About this exercise
Wherever pictures appear in the listing below, leave them out, and copy exactly, and only, everything from the line with "- ●間取り/2LDK(DK10.5帖・洋4.6帖・和6帖)" down to the line with "Trekantet øredobber i".

Available records
-- Opening Marker --

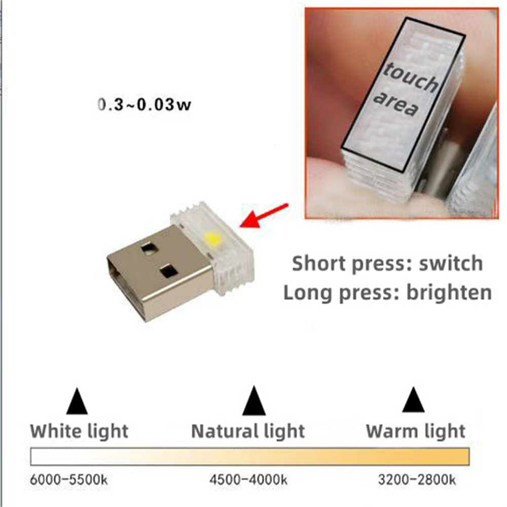 Mini USB 0.3W LED Three-Color Night Light Camping Dimmable Touch Energy-Saving a
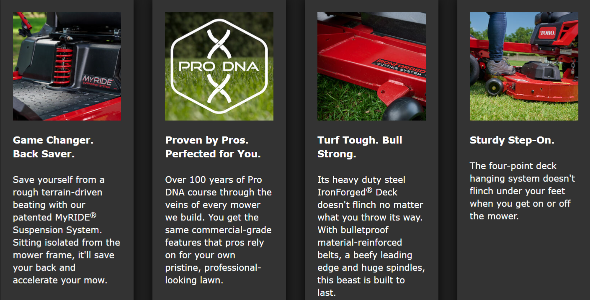 • Over 100 years of Pro DNA course through the veins of every mower we build.
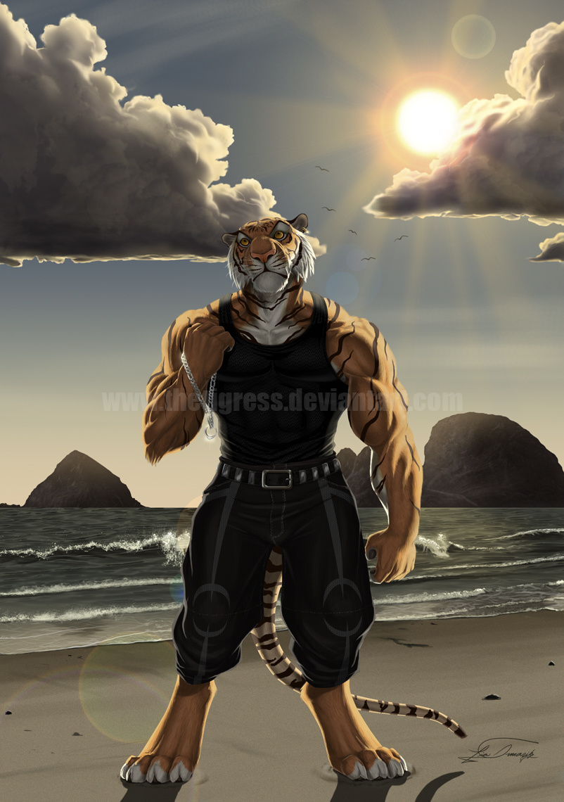 My character, Slick, on the beach of Oceanside, Oregon. Too lazy to explain the rest of the back story. The necklace has a deeper meaning, though.
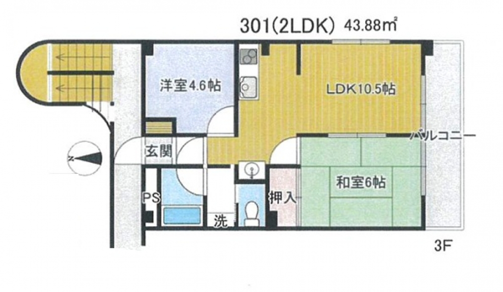 - ●間取り/2LDK(DK10.5帖・洋4.6帖・和6帖)
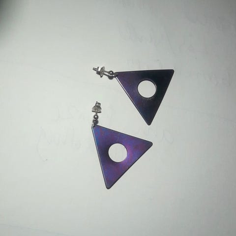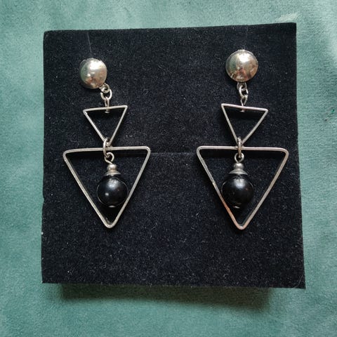 Trekantet øredobber i svart metall. Disse minimalistiske øredobbene har en geometrisk trekantform.
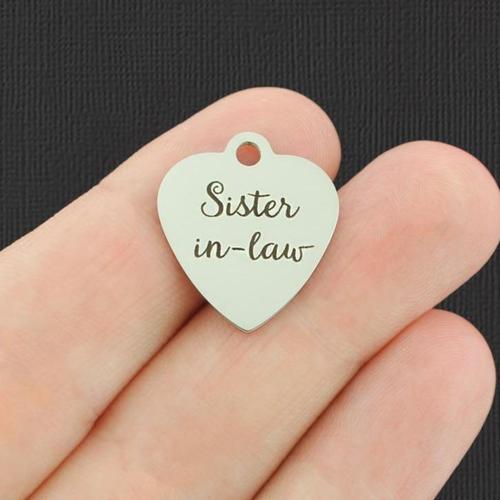 Breloques cœur en acier inoxydable gravées au laser "belle-sœur", de notre ligne exclusive conçue par Bohemian Findings.
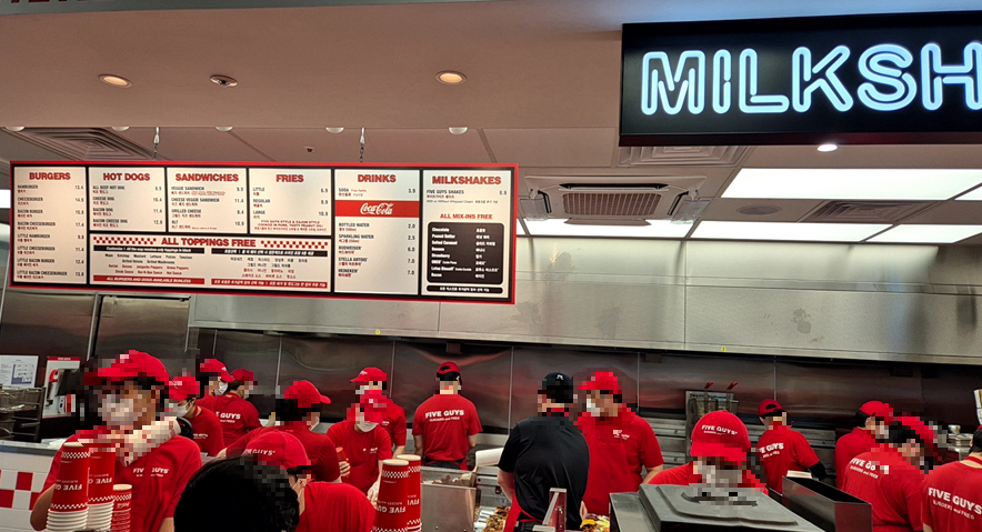 매장은 백화점 1층에 위치해 접근성이 뛰어나다 못해 온통 파이브 가이즈 가는 방향을 안내해줍니다. 그래서 찾아가기도 쉽고 매장밖에서 내부를 바라볼 때 이미 맛집을 인정하는 대기선을 보고 여기가 파이브 가이즈 구나하고 알 수 있습니다.

-- Closing Marker --

Answer for the task
 - ●間取り/2LDK(DK10.5帖・洋4.6帖・和6帖)
 Trekantet øredobber i svart metall. Disse minimalistiske øredobbene har en geometrisk trekantform.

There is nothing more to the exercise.